Note: By default, PubsubIO
transforms create unbounded
PCollection
s. After you create a PCollection
by using
PubsubIO.Read
, you should apply a windowing
strategy to that PCollection
before applying any transforms that group elements,
such as GroupByKey or
Combine.
Specifying a Pub/Sub Topic or Subscription
To use PubsubIO
, you can provide either the name of a Pub/Sub topic, or a
subscription that you've already created for a given topic. If you use a PubsubIO
transform with a topic name, Dataflow automatically creates and manages a subscription for you
behind the scenes.
Specifying a Pub/Sub Topic
When you use PubsubIO
, you can choose to specify a Pub/Sub topic to read from or
write to. When you provide a topic name, Dataflow automatically creates a subscription to
that topic for you. Dataflow begins reading from the topic from the time your pipeline starts;
any data published to the topic before your actual pipeline starts will not be available to your
pipeline.
Note: Dataflow creates the necessary Pub/Sub subscription as part of your
pipeline's setup. As pipeline setup times can vary depending on the number of Compute Engine
instances and other resources allocated in Cloud Platform, it can be difficult to know exactly
when your pipeline has begun reading from the Pub/Sub topic. If you need more fine control over
data read and write timing, you can Create and Manage Your Own
Subscription to a Pub/Sub topic, and pass that subscription to PubsubIO
. See
Specifying a Pub/Sub Subscription for more information.

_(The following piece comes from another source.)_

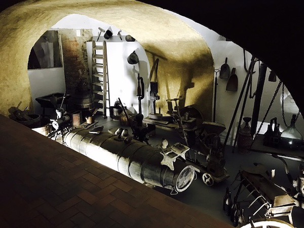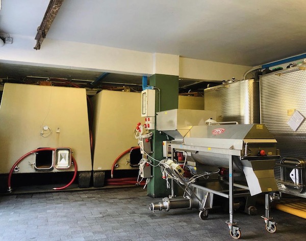 I love the contrast in the two images below with the old school winemaking kit and the modern concrete fermenters and destemmer.
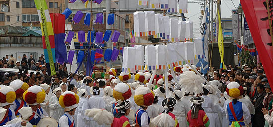 지난해 한국민속예술축제 대통령상을 수상한 '고창 오거리 당산제'가 19일 고창읍 중거리 당산거리와 동리국악당 앞 광장에서 열렸다.

The topic name you provide should follow the format projects/<Cloud Platform Project
Name>/topics/<topic name>
, where the project name is the name of the project that
owns the topic. In addition, the topic name should satisfy the following requirements:
- The topic name must be between 3 and 255 characters in length.
- The topic name may only contain lowercase letters, numbers, dashes ("-"), underscores ("_") and periods (".").
- The topic name must begin with a letter.
- The topic name must end with either a letter or a number.
- The topic name cannot begin with the prefix "
goog
".
Specifying a Pub/Sub Subscription
When you use a PubsubIO
transform, you can choose to specify a Pub/Sub subscription
to use when reading from or writing to a particular Pub/Sub topic. To use a subscription, you
must have already created and managed the subscription yourself; see the
Pub/Sub Subscriber Documentation for more information on creating
a Pub/Sub subscription.
The subscription name you provide should follow the format /projects/<Cloud Platform
Project Name>/subscriptions/<subscription name>
, where the project name is the
name of the project that owns the subscription. In addition, the subscription name you provide
must meet the following requirements:
- The subscription name must be between 3 and 255 characters in length.
- The subscription name may only contain lowercase letters, numbers, dashes ("-"), underscores ("_") and periods (".").
- The subscription name must begin with a letter.
- The subscription name must end with either a letter or a number.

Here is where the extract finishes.